**Data section:**
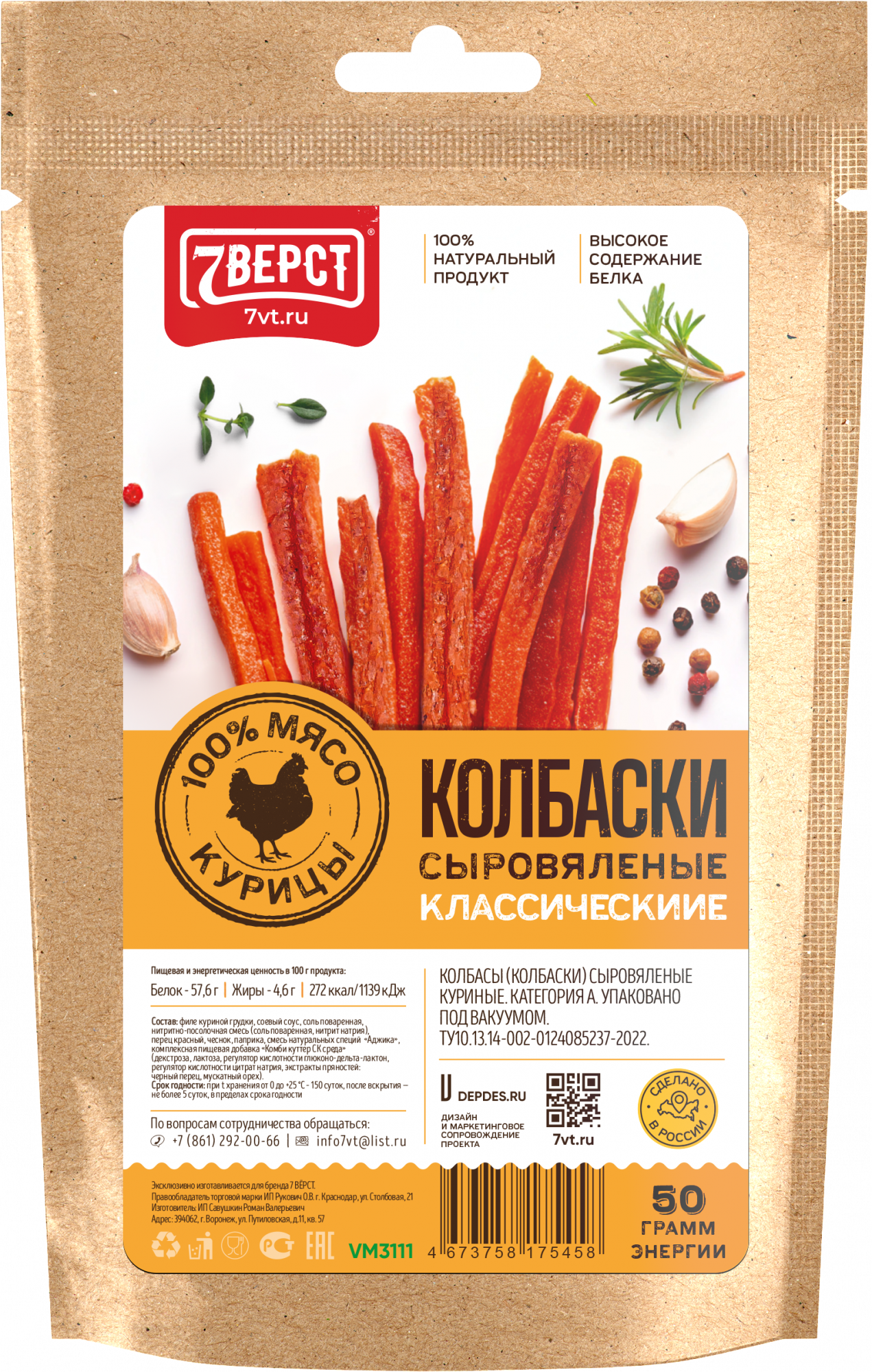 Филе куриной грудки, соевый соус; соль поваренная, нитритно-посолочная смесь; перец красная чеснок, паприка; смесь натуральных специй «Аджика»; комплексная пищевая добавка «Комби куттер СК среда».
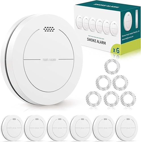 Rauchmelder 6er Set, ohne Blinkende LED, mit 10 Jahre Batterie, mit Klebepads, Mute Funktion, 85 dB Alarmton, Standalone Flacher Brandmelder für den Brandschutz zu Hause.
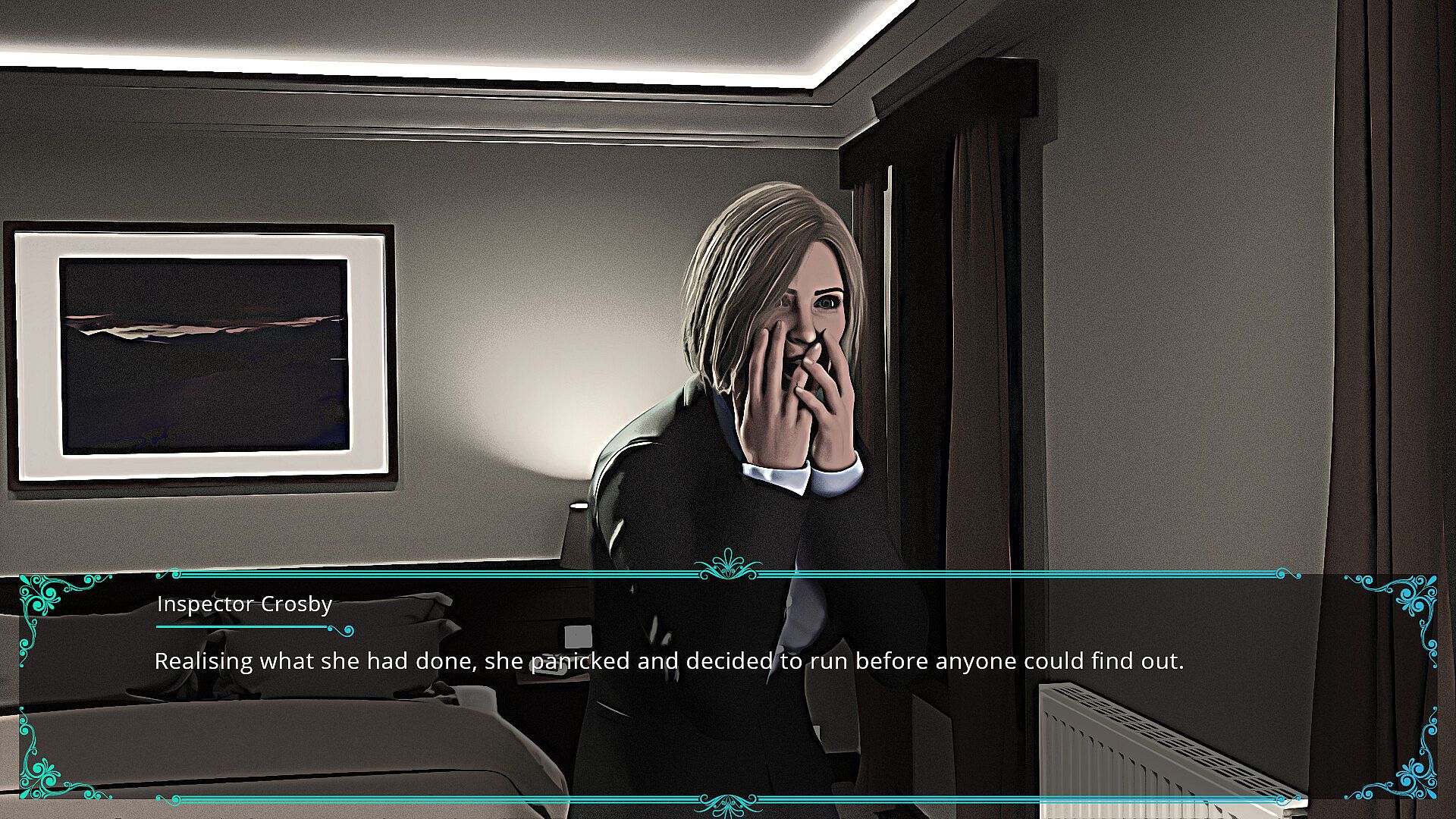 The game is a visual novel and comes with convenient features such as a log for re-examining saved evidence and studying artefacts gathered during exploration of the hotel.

**Problem statement:** Without including any picture, repeat the data exactly.

**Written solution:**
 Филе куриной грудки, соевый соус; соль поваренная, нитритно-посолочная смесь; перец красная чеснок, паприка; смесь натуральных специй «Аджика»; комплексная пищевая добавка «Комби куттер СК среда».
 Rauchmelder 6er Set, ohne Blinkende LED, mit 10 Jahre Batterie, mit Klebepads, Mute Funktion, 85 dB Alarmton, Standalone Flacher Brandmelder für den Brandschutz zu Hause.
 The game is a visual novel and comes with convenient features such as a log for re-examining saved evidence and studying artefacts gathered during exploration of the hotel.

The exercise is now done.